WOMEN’S REPRODUCTIVE RIGHTS BEING CHALLENGED IN GEORGIA
BY SANIA QAZI – Next year Georgia will likely enact one of the strictest anti-abortion bills in the country, which bans women from receiving an abortion after a fetal heartbeat is detected. This typically happens six weeks into gestation, which is before most women even know they are pregnant. While this bill in particular has received plenty of national media attention, there are many other policies just as harmful to reproductive freedom that have gone unnoticed.
In 2012, The Population Institute released a report on Reproductive Health and Rights for all 50 states. Georgia was one of the 18 states that received a D grade because of the state’s strict policies on access to contraceptives and sexual education. For example, while Georgia does mandate sex education in schools, parents can opt their children out. Most schools also mainly focus on an abstinence-only message and do not cover condom or contraceptive use. Countless studies have exposed the fact that abstinence-only education as a state policy isn’t effective at preventing teen pregnancy or curbing the spread of HIV and other STDs. This could be one of the biggest factors leading to Georgia becoming the state with the 12th highest teen pregnancy rate in the United States and also a state with more than double the national rate of HIV diagnoses for young people between the ages of 13 to 24.

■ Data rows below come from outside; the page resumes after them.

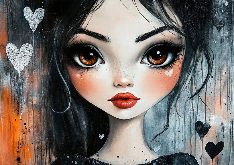Details: women's painting, portrait painting, modern, girls, large eyes, hearts, black, white, red, playful Colours: black, white, red, orange, brown Girl…
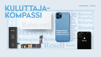 Mikä suomalaisia mietityttää käytetyn elektroniikan ostamisessa? Kuinka moni on valmis hankkimaan käytetyn puhelimen? Vuoden 2024 ensimmäinen Kuluttajakompassi tarkastelee suomalaisten suhdetta kiertotalouteen sekä erityisesti kierrätettyyn elektroniikkaan.
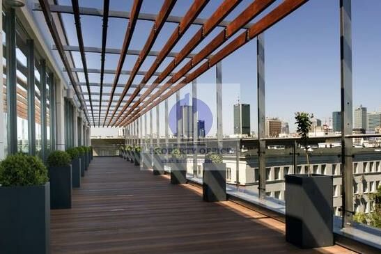 Na najwyższej kondygnacji znajduje się taras oferujący niepowtarzalny widok na panoramę Warszawy.
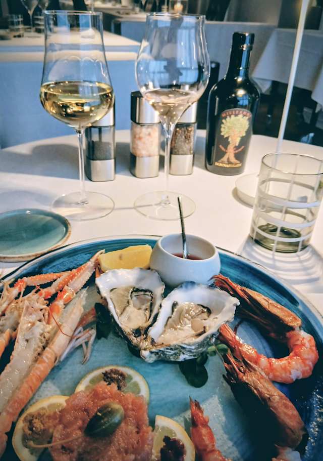 - 1 gambero rosso di Mazara del Vallo, 1 scampo Sicilia, 1 ostrica Gillardeau, tartare di tonno rosso, tartare di salmone, capasanta sfilettata
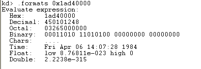 Let's now take our linear addresses and split them into four parts corresponding to the format when PAE is enabled: the first part is an index into the PDPT table, the second part is an index into the page directory table, the third part is the index into the page table, and the fourth part is the last 12-bits of the actual physical address. Let's use the .formats command to display our linear addresses in different representations:
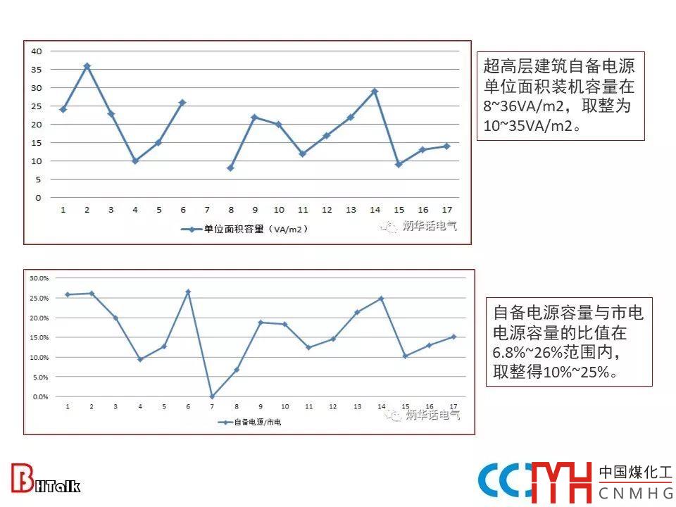 超高層建筑自備電源單位面積裝機(jī)容量可取10~35VA/m2,自備電源容量與市電電源容量的比值多在10%~25%;

Georgia also has no laws affirming the right to emergency contraceptives, which can prevent pregnancy when taken five days after intercourse. Sixteen states currently have laws that direct medical personnel to discuss options for emergency contraceptives to survivors of sexual assault, but Georgia is not one of those states. Women under the age of 17 must also receive a physician prescription to purchase Plan-B over the counter.
The state has also yet to expand Medicaid, which would cover family planning services for millions of low-income women. Family planning clinics perform the necessary duty of providing oral contraceptives and LARC (Long Acting Reversible Contraceptives) methods for women who choose them. They also provide primary care services such as diabetes screenings and mental health screenings to millions of poor and low-income women across the state. Georgia has also only allocated a measly $312,000 from the state budget to fund the 168 family planning clinics in the state. Of the 2 million women who rely on these services in Georgia, that comes out to roughly .16 cents per woman.
The state also makes it incredibly difficult for a woman to receive an abortion if she chooses to have one. She must first receive 24 hours of counseling and have parental consent before she can undergo the procedure. In 2014, there were 28 abortion-providing facilities in Georgia, but 96% of counties had no clinics that provided abortions and 58% of women lived in one of these counties. This means that low-income women in some cases must travel over 100 miles just to receive a simple procedure.
Over time, the state has slowly been adding more and more restrictions on access to reproductive healthcare. While the Fetal Heartbeat Bill would place restrictions on access and timeliness to receive abortion, advocates for reproductive rights must not only focus on the right to abortion, but should also focus on issues regarding pregnancy and STD prevention and sexual education. Protecting these rights are integral for a free and just society and one in which women have autonomy over their own bodies.